Understand also (I repeat) that I do not think cryonics societies or service
providers to cryonics societies should create, publish, or distribute such

material.  But I do feel that such material will come into existence as cryonics
grows and people who are forced to grapple with this issue personally decide to
create such material.  Indeed, this is exactly what motivated Derek Humphry
(founder of Hemlock) and many others to write the protocols for active
euthanasia that they have written and which are in widespread use.  Finding a
plastic bag on a terminally ill patient's heads and a large dose of sedative in
the gut is a routine event for MEs and Coroners almost everywhere these days.  

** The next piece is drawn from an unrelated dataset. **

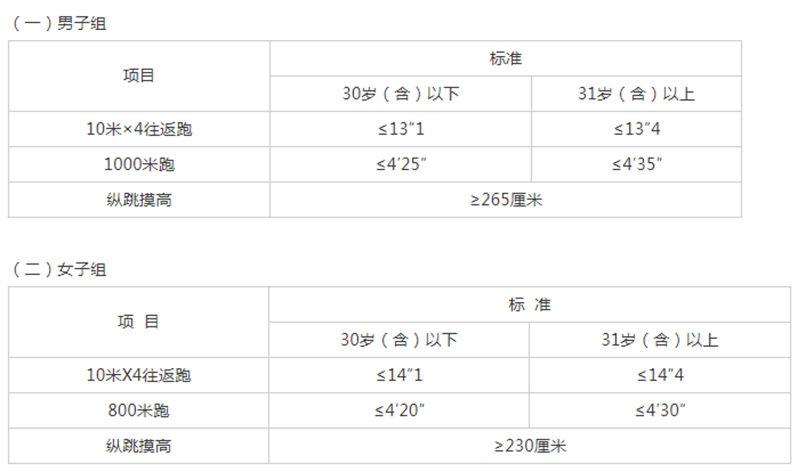 體能測評:不同省市有所區(qū)別,有的先體能再面試(如浙江、山東、北京等);有的先面試后體能(如上海、云南等地,根據(jù)崗位人數(shù)按照1:2的比例,按照綜合成績高低,進行體能測評)。

Some may say that bringing up such an approach (by a service provider such as
me) is in itself dangerous.  The same argument is used about education programs
aimed at deterring the spread of AIDS in teenagers: by instructing children in
condom use and safer sex practices aren't you in fact indirectly condoning

premarital or extramarital sex?  This is a tough issue.  However, just as we all
know that many teenagers will not abstain from sexual activity, and that many
teenagers who do abstain will turn into adults who either do not abstain or who
have partners who are (unknown to them) infected, so too we can reasonably

expect that sometime, somewhere, a cryonicist or his/her family will probably be
involved in active euthanasia.

I might also add that some would say that even publically discussing these
issues is a danger (why give your enemies extra ammuntion?).  I tend to agree.
But since the issue has been raised it must be dealt with.  And, it might be
said, the sooner it is dealt with the better.  We cannot undo what we have done

once we have done it.  But we can certainly learn either from our errors or from
a prospective point of view by considering how NOT to make errors. In this case
an ounce of prevention is worth a ton of cure.

Finally, as I've said throughout this post, THERE IS NO REAL PROTECTION FOR

CONTEMPORARY PATIENTS against these sorts of risks.  And as has been pointed out
by others, there is unlikely to be any in the forseeable future.  That problem
can only be remedied by the continued growth and  spread of cryonics and, most
definitively, by the development of reversible techniques of brain/body
cryopreservation.  Neither task will be easy.

In the meantime we must all do what we can to minimize the risks while at the
same time realizing that some of the biggest risks may not even be appreciated
or appreciable at this point in time.